Go to the line that contains "另一方面,Self-RAG 通过微调一个" in the listing below, then output it and every line after it exactly, omitting pictures.

• Recorded data:

________________________

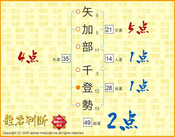 矢加部千登勢さんの総運は49画の2点!
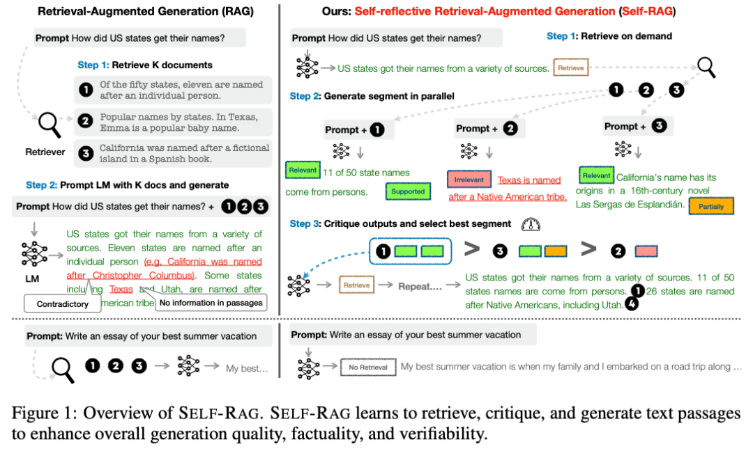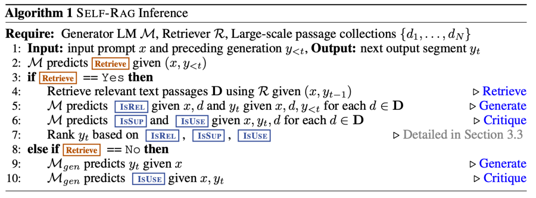 另一方面,Self-RAG 通过微调一个大型模型,使其自主决定何时继续搜索,何时停止搜索并开始回答问题。
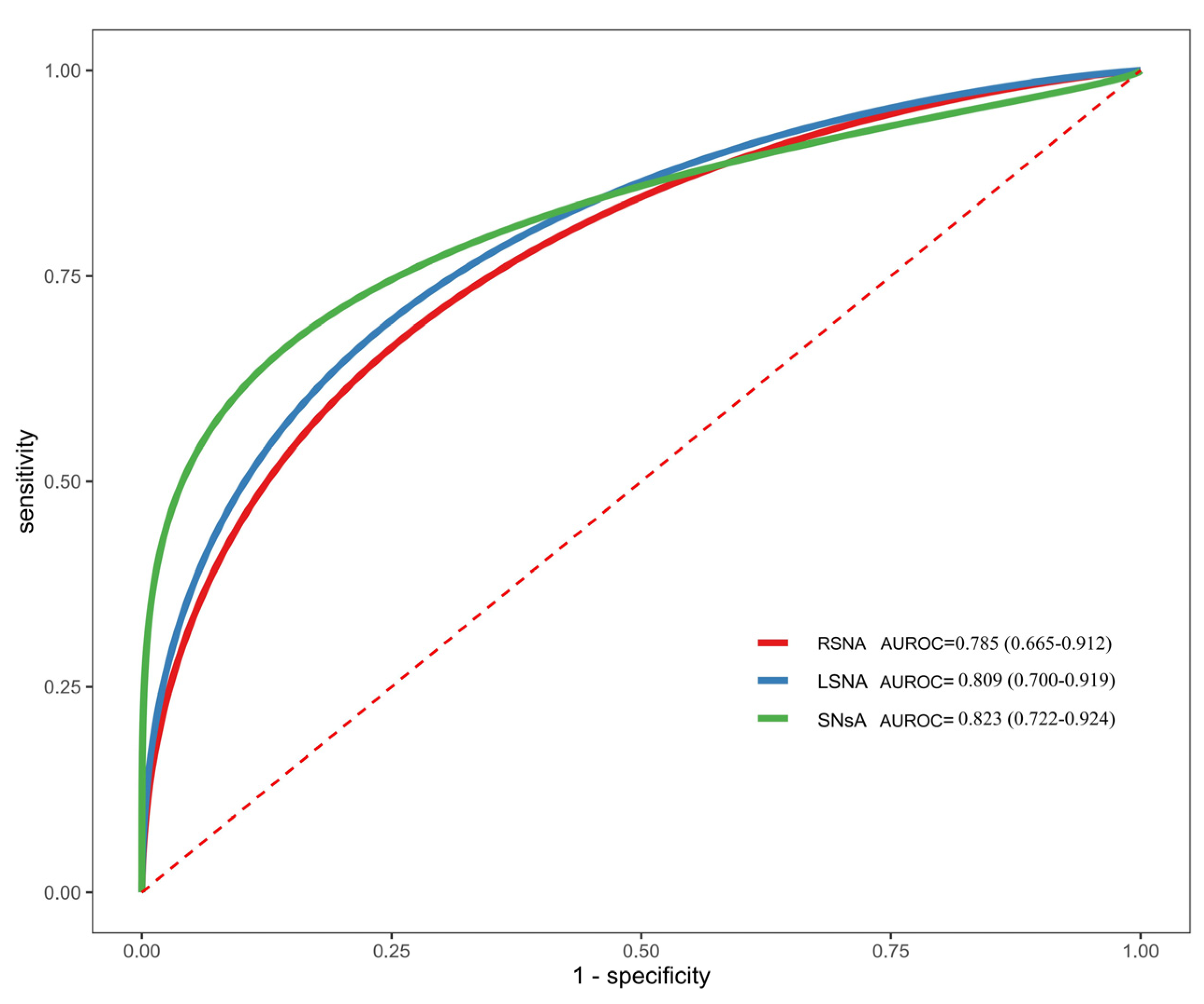 Figure 3). SNsA exhibited the highest diagnostic value, with an AUROC of 0.823 (95% CI: 0.722–0.924). At a cutoff of 0.22 cm

________________________

• Problem solution:
 另一方面,Self-RAG 通过微调一个大型模型,使其自主决定何时继续搜索,何时停止搜索并开始回答问题。
 Figure 3). SNsA exhibited the highest diagnostic value, with an AUROC of 0.823 (95% CI: 0.722–0.924). At a cutoff of 0.22 cm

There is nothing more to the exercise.